Co-supervisors: Professor Sven Plein (School of Medicine, University of Leeds), Dr Tanveer Syeda-Mahmood (IBM Fellow & Chief Scientist), IBM Research and Dr Enzo Ferrante (Scientist) CONICET, Universidad Nacional del Litoral.

Cardiovascular conditions like heart failure, coronary artery disease and structural heart disease manifest in alterations of the anatomy or deformation of the myocardium. Cardiovascular magnetic resonance (CMR) is increasingly recognised as the most accurate test for the non-invasive characterisation of the myocardium and provides a plethora of methods for detailed phenotyping.

Many heart conditions have a genetic basis but their expression in cardiac functional phenotypes is highly variable.
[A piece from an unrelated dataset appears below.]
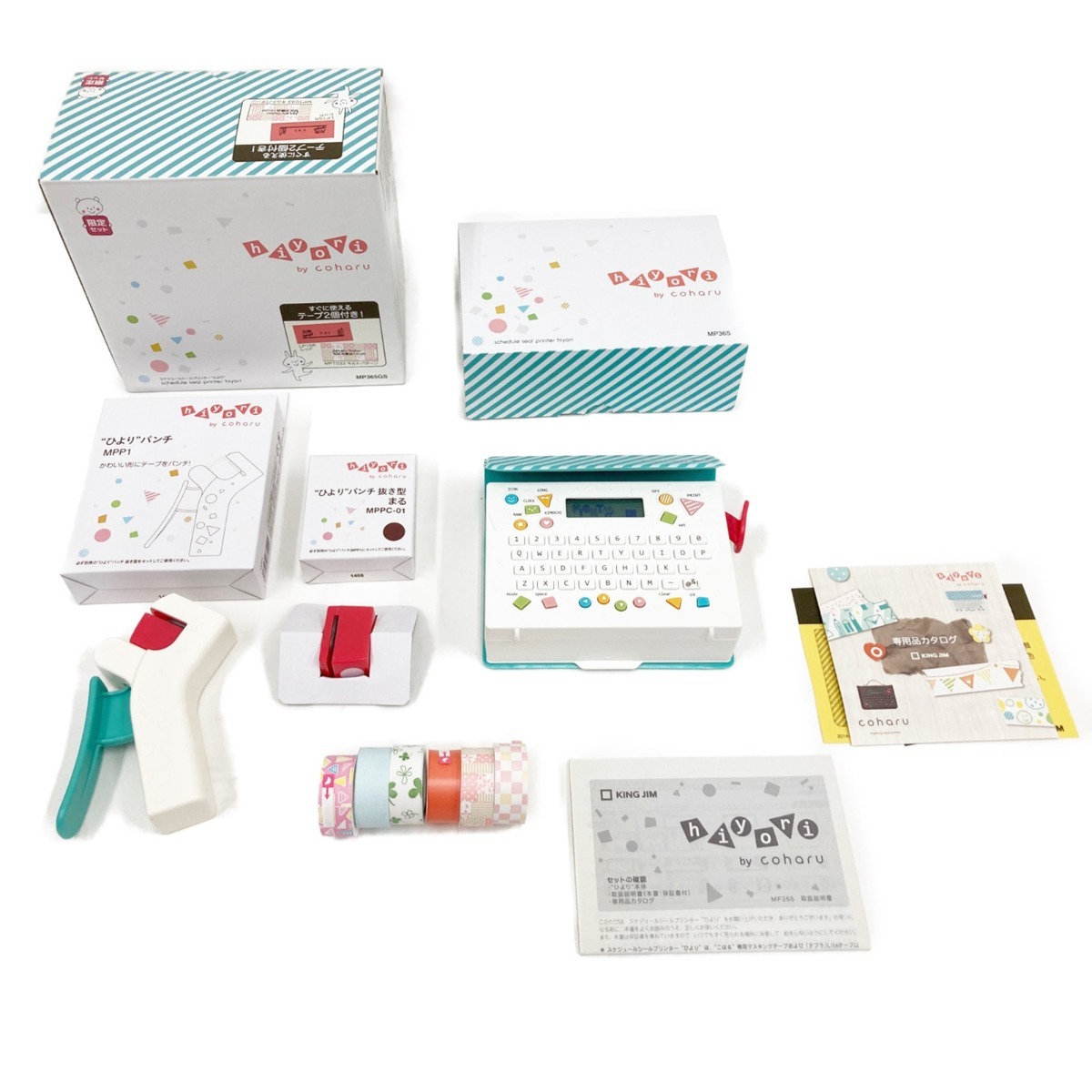 【付属品】外箱・取扱説明書 ひよりパンチ本体×1 型×2(型の種類:ハート・まる)・こはるマスキングテープ×6(本体装着含む)・テプラライトテープ×1

For example, family members of patients with inherited heart disease are often genotype positive but phenotype negative – when currently available testing methods and analyses are used. More sophisticated phenotyping methods will combine usefully with genetic testing. The aim of this study is to develop fully automatic cardiac image analysis methods providing detailed three-dimensional phenotyping of cardiac morphology and deformation, scaling up to hundreds and thousands of datasets in population imaging studies, and statistical methods that relate quantitative image phenotypes with genetics and omics data. The expected outcome is an improved understanding of their interplay and the development of more sensitive and specific patient stratification schemes and risk scores.

This project will explore three main avenues:
a) will undertake a detailed comparison of competing algorithms for CMR analysis applicable to population imaging studies and will use UK Biobank as testbed to carry out large-scale scalability tests;
b) will develop new machine learning techniques for CMR analysis (e.g. methods exploiting available metadata and producing measures of uncertainty on their outputs); and
c) will explore statistical methods for imaging genetics applied to CMR and accounting for uncertainty on the image-derived phenotypes.

Funding Notes

Funding will be awarded on a competitive basis.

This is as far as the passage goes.